Probably, especially if the latter has less test regressions?
Yes, please. If there are no test changes as-is, you could add a test with explicit freeze. |
Thanks for the advice! I'll split this patch in smaller pieces (at least breaking out the "Push freeze through SETCC and SELECT_CC" part). |
Allow pushing freeze through SETCC and SELECT_CC even if there are multiple "maybe poison" operands. In the past we have limited it to a single "maybe poison" operand, but it seems profitable to also allow the multiple operand scenario. One goal here is to avoid some regressions seen in review of llvm#84924 when solving the select->and miscompiles described in llvm#84653
Maybe we should introduce ISD::LOGICAL_AND/ISD::LOGICAL_OR nodes to SelectionDAG? If we delay the lowering to actual AND/OR until operation legalization, we can do various combines without worrying about a bunch of extra freeze operations. |
Yes, that would be an alternative -- this is essentially what we do in IR, though there we just keep the original select but recognize it as a logical and/or pattern. The advantage is that we don't have to introduce freeze -- the disadvantage is that we have to make sure that all optimizations can handle the logical variant. On the IR side, this took some very extensive work. Maybe it's simpler for SDAG as it presumably has less transforms reasoning about complex conditions. |
Reverse ping :) |
With the LLVM 19 release coming up, we might have to take this as-is :( |
Just like for regular IR we need to treat SELECT as conditionally
blocking poison in SelectionDAG. So (unless the condition itself is
poison) the result is only poison if the selected true/false value is
poison.
Thus, when doing DAG combines that turn SELECT into arithmetic/logical
operations (e.g.

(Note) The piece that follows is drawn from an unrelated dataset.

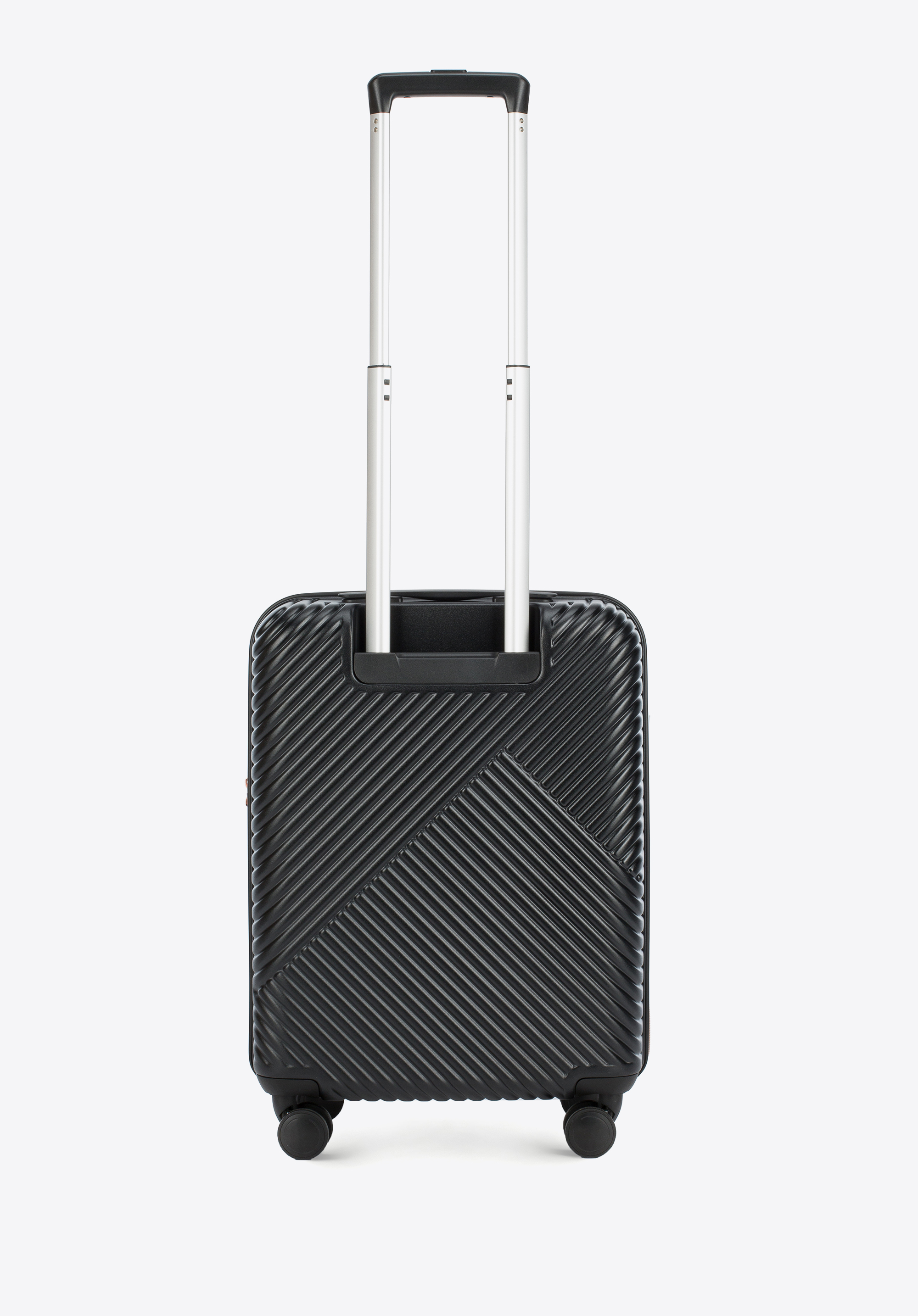 - Komfort prowadzenia: Wysuwany uchwyt oraz gumowa rączka umożliwiają wygodne prowadzenie i przenoszenie bagażu.

AND/OR) we need to make sure that the new operations
aren't more poisonous. One way to do that is to use FREEZE to make
sure the operands aren't posion.
This patch aims at fixing the kind of miscompiles reported in
#84653
and
#85190
Solution is to make sure that we insert FREEZE, if needed to make
the fold sound, when using the foldBoolSelectToLogic and
foldVSelectToSignBitSplatMask DAG combines.
This may result in some (hopefully minor) regressions since we lack
some ways to fold away the freeze (or due to isGuaranteedNotToBePoison
being too pessimistic). Focus in this patch is to just avoid
miscompiles, but I think some of the regressions can be avoided by
general improvements regarding poison/freeze handling in SelectionDAG.